Friday, April 27, 2007

Southern Comfort


Out the window there’s nothing but the green drooping shadow of the hills that surround the college – no neon signs, screeching horns, or artillery-style fireworks. Most mornings, there’s just the sound of birds twittering in among the green. This morning the kindergarten behind the building is blasting happy music. Even at its insane volume, there’s something comforting about it: the fact that its main purpose is to entertain four-year olds seems to give it a pass on the annoyance chart.

It’s good to be back at my Chinese laojia, my hometown: Shantou University, just outside the city of Shantou, which lies near the top of the southernmost Chinese province, Guangdong.

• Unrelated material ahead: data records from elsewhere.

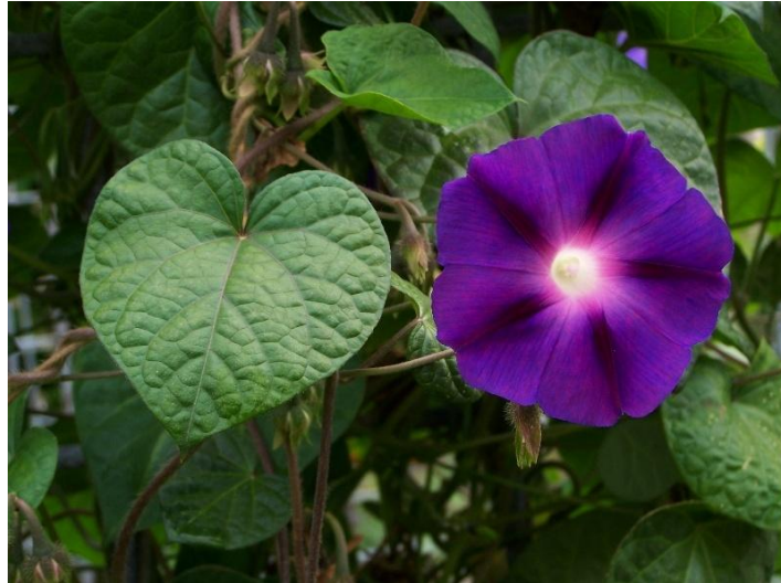
Slika 19. List i cvijet Ipomoea purpurea
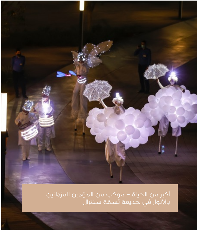
أكبر من الحياة - موكب من المؤدين المزدانين بالأنوار في حديقة نسمة سنترال
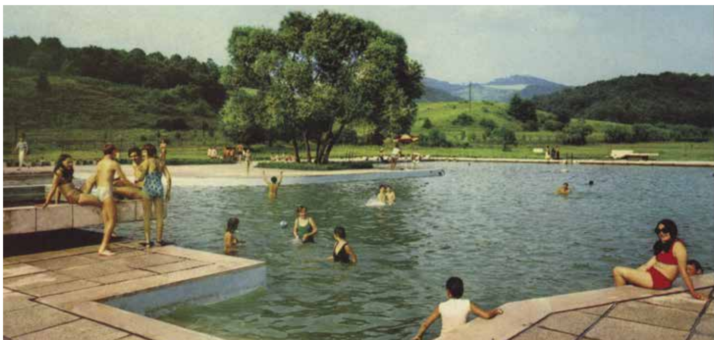
A Tóstrand első épített medencéje, 1970-es évek

1999-től a Somosi Kultúráért Egyesület és a Somoskői Váralja Egyesület indítványára 1924. február 15-ét a „hazatérés napjává” nyilvánították.
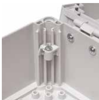
Stufenlose Höhenverstellung für Montageplatte oder andere Montagesysteme
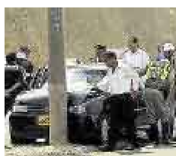
CONFUSIÓN POR SEÑALES.
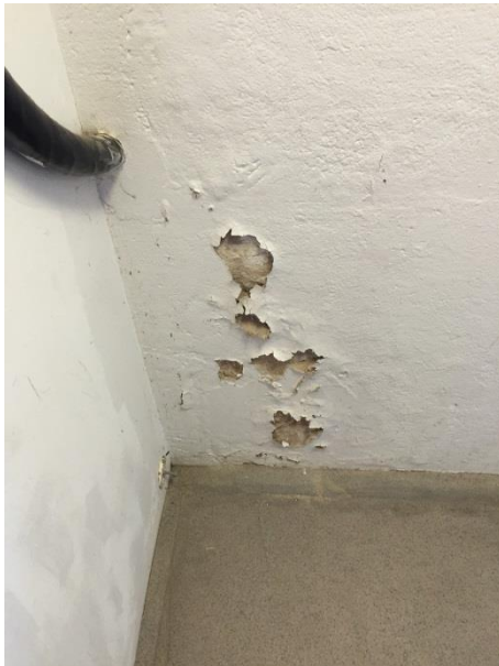
Skador/färg lossnar yttervägg.
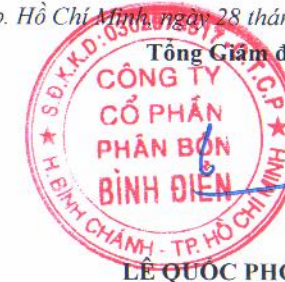
LÊ QUỐC PHONG
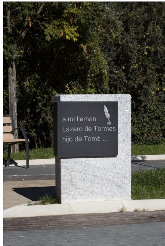
14. Placa obra literaria Lazarillo de Tormes
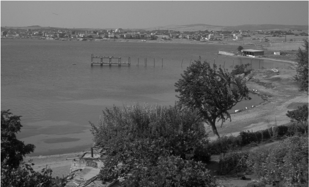
Abb. 11: Pegai/Spiga/Karabiga, Blick auf Hafenbucht
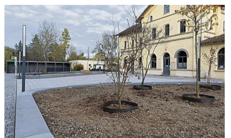
Der neue Bahnhofsvorplatz in Sontra erstrahlt in neuem Glanz. Nach sechs-monatiger Bauzeit eröffnet er am 22. November.

tra liegt damit bei 194.389 Euro. Am Einweihungstag bestehe erstmals auch die Gelegenheit, sich persönlich ein Bild vom sanierten Bahnhofsgelände zu machen, das in diesem Jahr sein 150-jähriges Jubiläum feiert.

As a city and a place, it’s an unusual one. It’s one of China’s five special economic zones, the cities opened up in the 1970s to foreign-style trade and investment. But it’s never been anything but dead last among the five cities: local corruption abounds. Another obstacle to development is language: the people here speak what essentially is the Basque language of China. Even Chinese people who are not familiar with the region don’t recognize Chaoshanhua as a Chinese dialect, thinking that its speakers must be from some other Asian country. There’s a kind of sleepy slowness to the city, the area, and the university itself. The kind that make you think that rapid development might just never catch on here.

There have been encouraging signs, however. A few days ago, a massive event for development was held at the Shantou port. The Same Song tour, featuring mainly Hong Kong and Taiwanese stars of the highest level, got packed in with the event, and Shantou was suddenly beamed into millions of Chinese homes. The concert was followed a day later by a fireworks show that reportedly cost in the millions of US dollars.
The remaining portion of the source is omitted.